T his fall, Noble will be under the guidance of its sixth head coach in the last 10 years.

Usually, that's a bad sign.

Regardless of whether a coach is good or bad, when his teams lose, he usually leaves ? or is requested to ? after a bad season or two.

Make no mistake about it, Noble has had its share of bad seasons.

Since the first Bears stepped on the gridiron in the late 1960s (or early '70s, there's some dispute about when they started varsity football), Noble made it to the state playoffs only once until after turn of the century.

Not to rub it in, but at one time in the '90s, the Bears had one of the worst won-loss records among Oklahoma high schools ? in any class.

A lot of that decade's poor performance was due to the rapid expansion of the Noble Public School system. Almost every two years, when the Oklahoma Secondary School Athletic Association realigned its classes (based on enrollment) , Noble was pushed up a class.

That's not good for any school, especially one with no winning football tradition. And when that situation is compounded with an almost yearly change of coaches, the travails of trying to get on a winning track becomes even more difficult.

So, Noble has had numerous coaches come and go in the last decade.

But, there is another axiom that applies to the men and women who put their professional success in the hands of teenagers: Good coaches don't leave good programs ? unless it's a move to greener winning pastures.

Usually.

Today's Noble football teams are not those of the past.

Steve Barrett changed all that when he moved from an assistant at Norman North to take over the Noble program in 2002.

After his arrival, all the Bears have done is claw out a record of 22-12 and qualify for the playoffs for the last three years.

Considering Noble's past, Barrett's teams performed ... well ... historically.

Not too many seasons ago, it was common to drive into the parking lot adjacent to the Noble football field just minutes before kickoff and get a close space.

That hasn't been the case recently. The last few years, it's been 'get there early' or 'get ready to walk.'

Barrett won't be handling the Bears this season, however.

No, he hasn't gone on to greener pastures, although with his record he probably could have. He is still at Noble. He has just moved up the academic ladder, as in an assistant principal.

Why the change?

"It was a hard decision," Barrett said. "I wanted to do what's best for both my family and the program and (if I was going to get out of coaching), I thought this was a good year to do it. It would be different is I was heading out somewhere but I'm staying here. If they need me, I'll be around."

It's not like Barrett is leaving the talent cupboard bare either. The Bears will return an almost-intact offensive backfield along with some lineman that he terms "some of the biggest and strongest I've ever coached."

The Noble football reins are now in the hands of Ray Crawley, and he is not a stranger to the playoffs. As the defensive coordinator at Westmoore, he has a proven track record.

"I wouldn't trade anything for the last three years. I've loved every minute of it," said Barrett, and then added with a rueful chuckle, "well, except for a couple of games.

"And I know Ray. He's a great coach. He'll keep the momentum going."

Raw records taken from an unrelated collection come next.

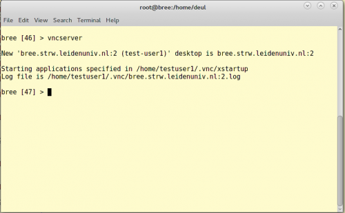 5. To use this tunnel, log into your machine with Putty. Once logged in you need to start a vncserver on the remote machine. It will respond with the display number:
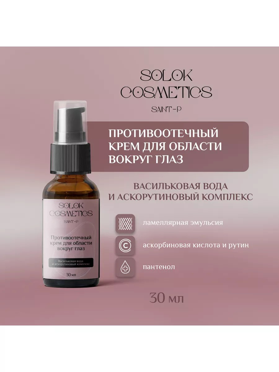 Рутинное применение крема для области вокруг глаз Solok Cosmetics снизит проявление отечности и выраженность темных кругов под глазами.
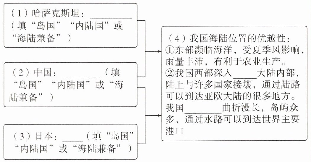 2. 比较中国与哈萨克斯坦、日本海陆位置的差异,归纳中国海陆位置的优越性。
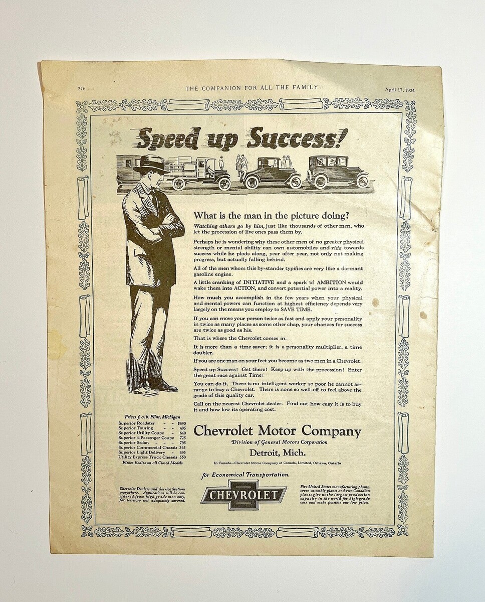 Antique 1924 Chevrolet Success XL Advertisement Automobilia Ephemera 14 x 11.25
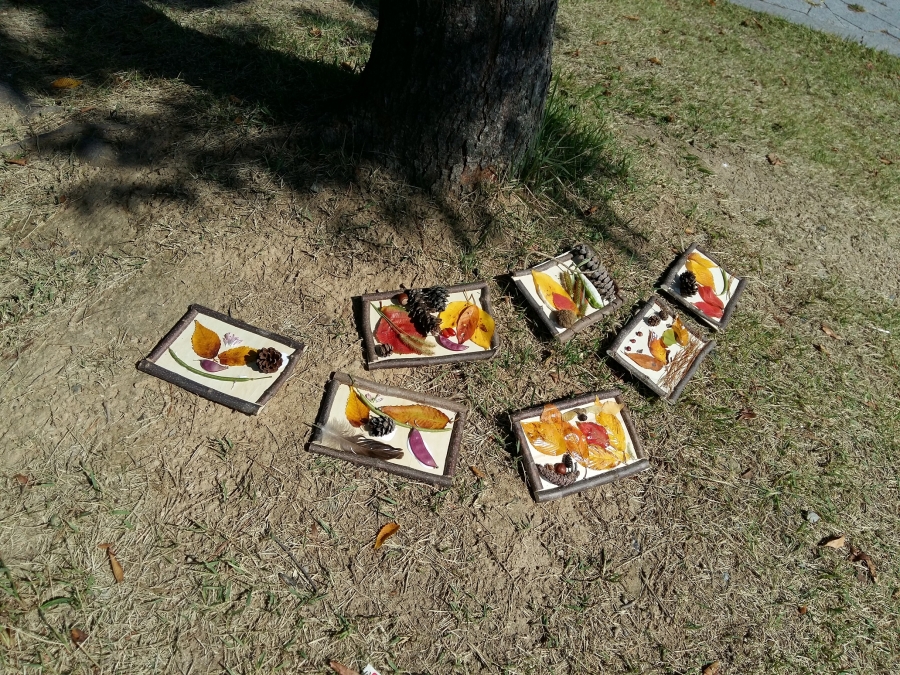 산책하며 주워온 자연들을 준비한 액자에 꾸욱꾹 눌러가며 멋진 작품도 만들어 보고,, 큰 나무아래 우리들만의 특별한 전시도 해 보았지요....
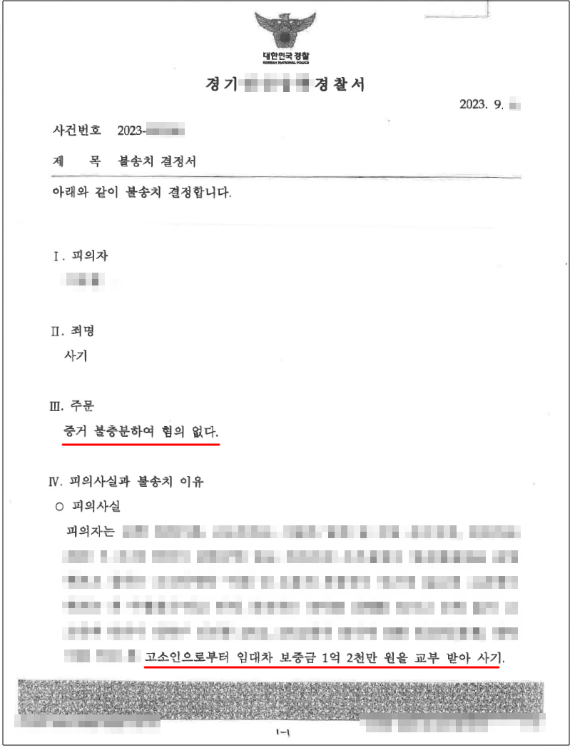 이 사건은, 피의자가 피해자에게 토지를 임대해주면서 보증금으로 1억 2,000만원을 교부받았는데, 피해자가 ‘대상 토지에 하자가 있다’라고 주장하며 피의자를 고소하여 경찰 수사가 개시된 사안입니다.
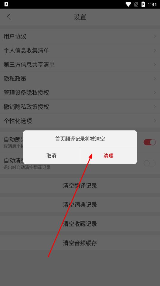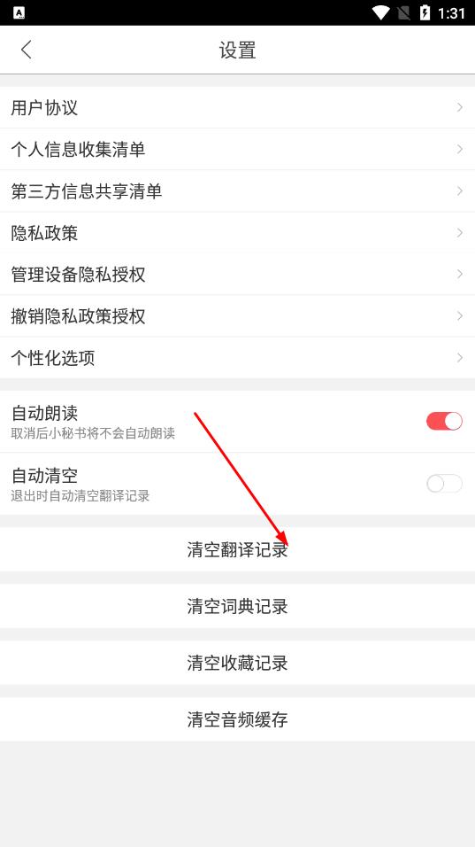 3、在設(shè)置頁(yè)面中,找到清空翻譯記錄選項(xiàng)并點(diǎn)擊。

That's a good sign. Always.



Fogle will give Little Axe a shot

One other local football vacancy has apparently been filled. Although not confirmed by anyone in the Little Axe administration, it has been reported by several sources that Anthony Fogle will take over the beleaguered program.

In his college days, Fogle was a four-year letterman as a defensive back for Oklahoma from 1993 to '96. Since then, he has been in several positions, including assisting at Oklahoma City metro teams and hosting a sports talk on Norman's KREF-AM radio station.

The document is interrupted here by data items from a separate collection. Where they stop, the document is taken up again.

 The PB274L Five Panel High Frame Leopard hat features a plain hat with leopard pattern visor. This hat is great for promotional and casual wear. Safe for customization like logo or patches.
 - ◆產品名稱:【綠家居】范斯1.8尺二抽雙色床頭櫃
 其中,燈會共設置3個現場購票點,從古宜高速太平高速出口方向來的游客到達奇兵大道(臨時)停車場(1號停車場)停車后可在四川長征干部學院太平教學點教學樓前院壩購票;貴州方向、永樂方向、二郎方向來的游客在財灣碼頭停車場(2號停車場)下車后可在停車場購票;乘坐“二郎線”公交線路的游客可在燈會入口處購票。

Fogle will have to do more than talk to be a winner at his new post. Little Axe has won only one game in the last seven years.

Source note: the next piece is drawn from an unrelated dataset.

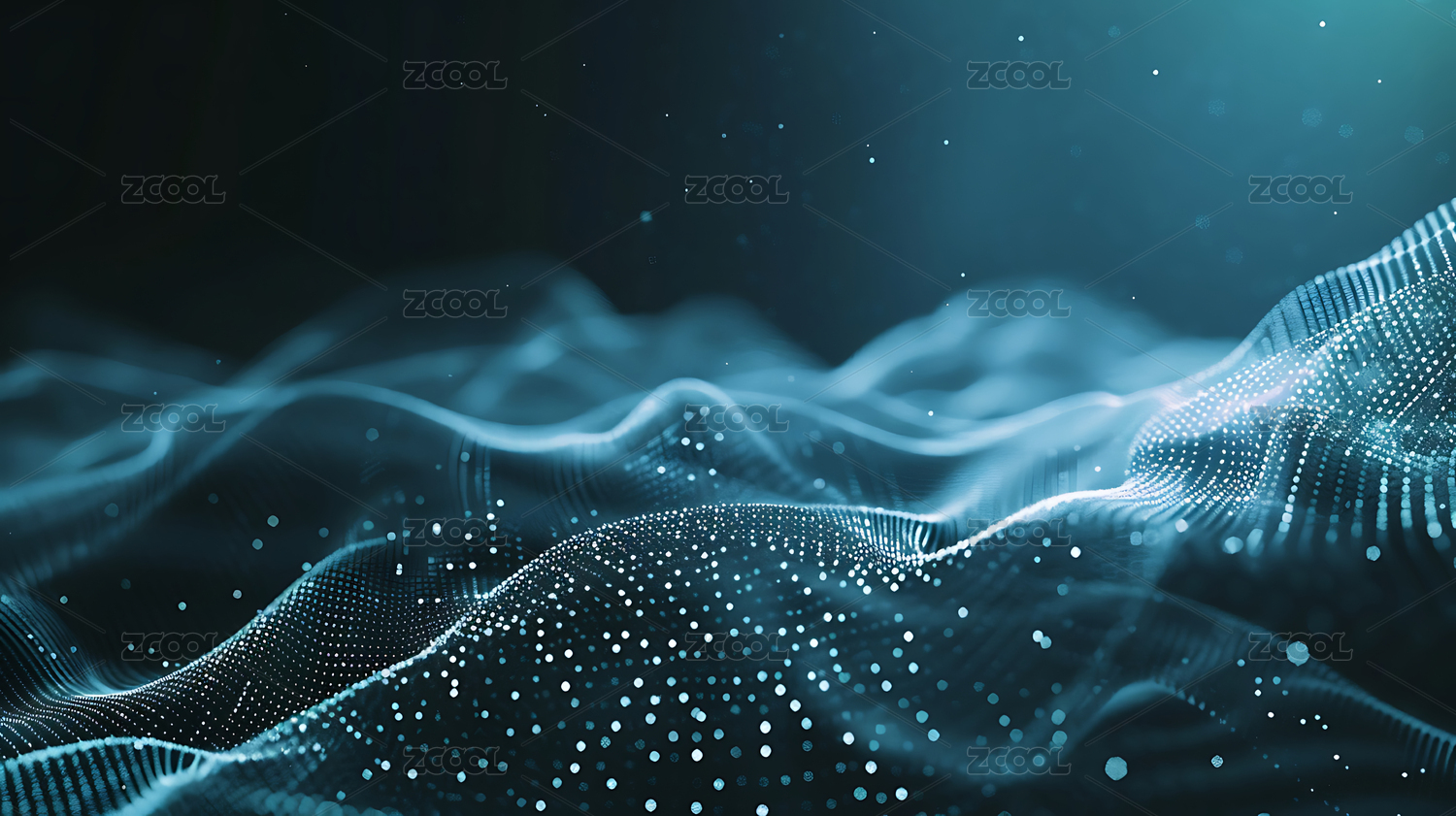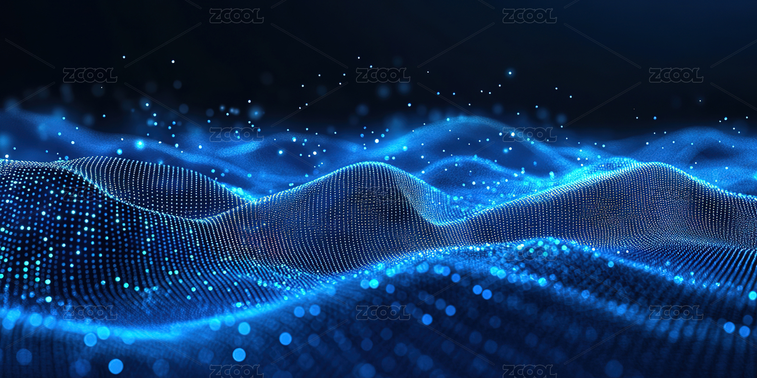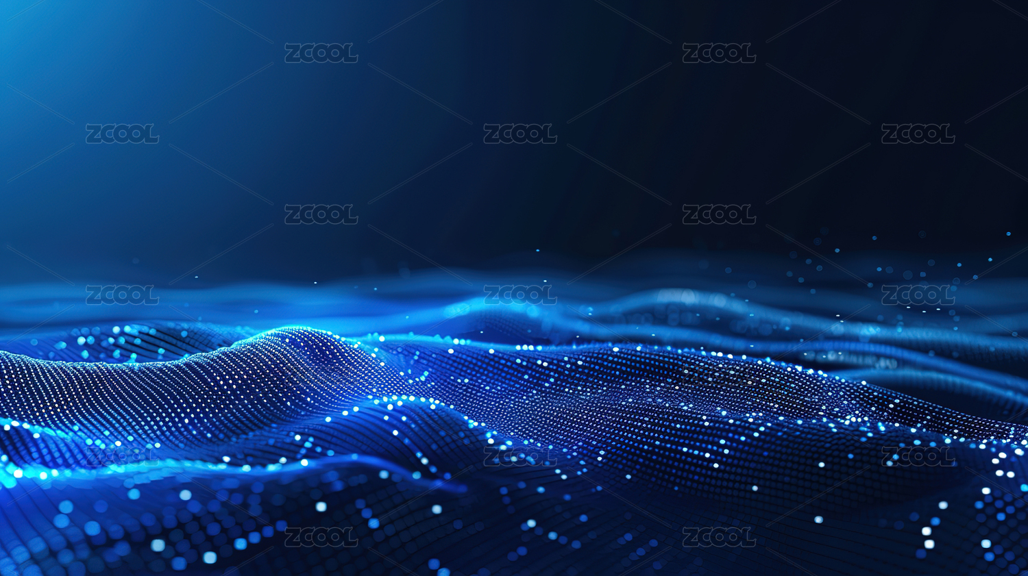 蓝色发光能量粒子和线条的明亮波抽象背景

Enfield back on the field at Mustang

Another coaching change involves Shannon Enfield, who started the Norman North baseball program and led the Timberwolves until his resignation after the 2004 season.

After a year's absence on the high school scene, Enfield will be back in the dugout next season as an assistant at Mustang.

Some might consider it a strange move, but one has to know the background. I.e., the veteran head coach will be reuniting with Tony Evans, who was formerly his assistant at North.